10 year treasury yields hit 2.75% Wednesday for the first time in nearly 4 years after the FOMC left interest rates alone, but predicted higher inflation levels for 2018, setting the stage for additional rate hikes this year. While there may not be a direct impact on energy prices, the indirect influences are numerous – from day to day movements in the US Dollar, to the increased costs of capital that will impact essentially all portions of the physical supply chain.

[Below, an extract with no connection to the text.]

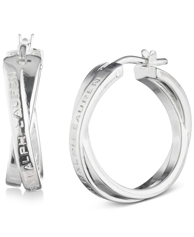 Lauren Ralph Lauren Sterling Silver Small Logo-Etched Intertwined Hoop Earrings, 0.77"
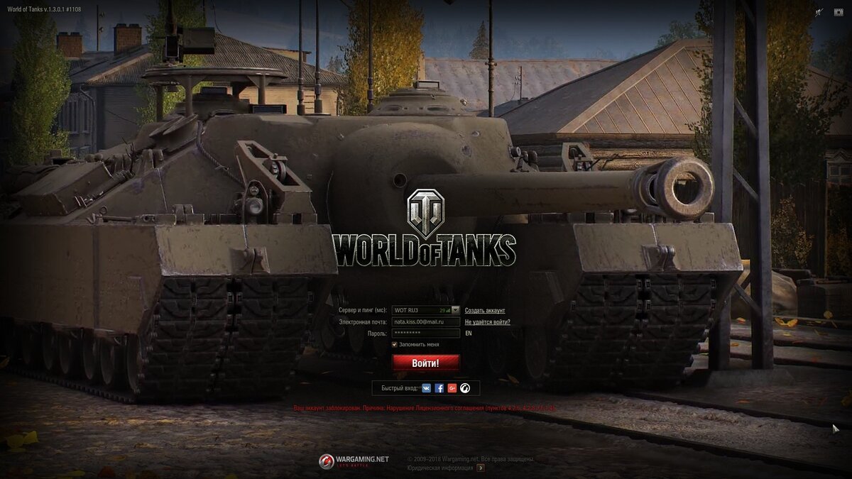 18 января (ПТ), днём, Wargaming забанил перманентно аккаунт блогерши Натальи [Kiss_me__|Kiss Me] (20k подписчиков на YouTube) за передачу аккаунта kiss_me__. Пункты 4.2.6, 4.2.8 и 6.1.4 (Передача прав в отношении Игры, Отчуждать и иным образом передавать свой Аккаунт и Самостоятельно принимать меры по обеспечению безопасности Аккаунта и предотвращению его несанкционированного использования третьими лицами).

Refined products are faring well as demand estimates remain above average for this time of year, while production is declining – led by a sharp drop in Gulf Coast refinery runs as plants catch up on maintenance they delayed last fall in the wake of the hurricanes. It’s worth pointing out that in spite of 4 straight weeks of sharp declines, taking 1.6 million barrels of refinery throughput temporarily offline, total US refinery runs are still above the 5 year range for this time of year, and nearly 1 million barrels/day above the 5 year average.
In addition to the normal weekly status report, the DOE released another monthly outlook yesterday highlighting that total US oil production broke 10 million barrels/day in November for the first time since 1970.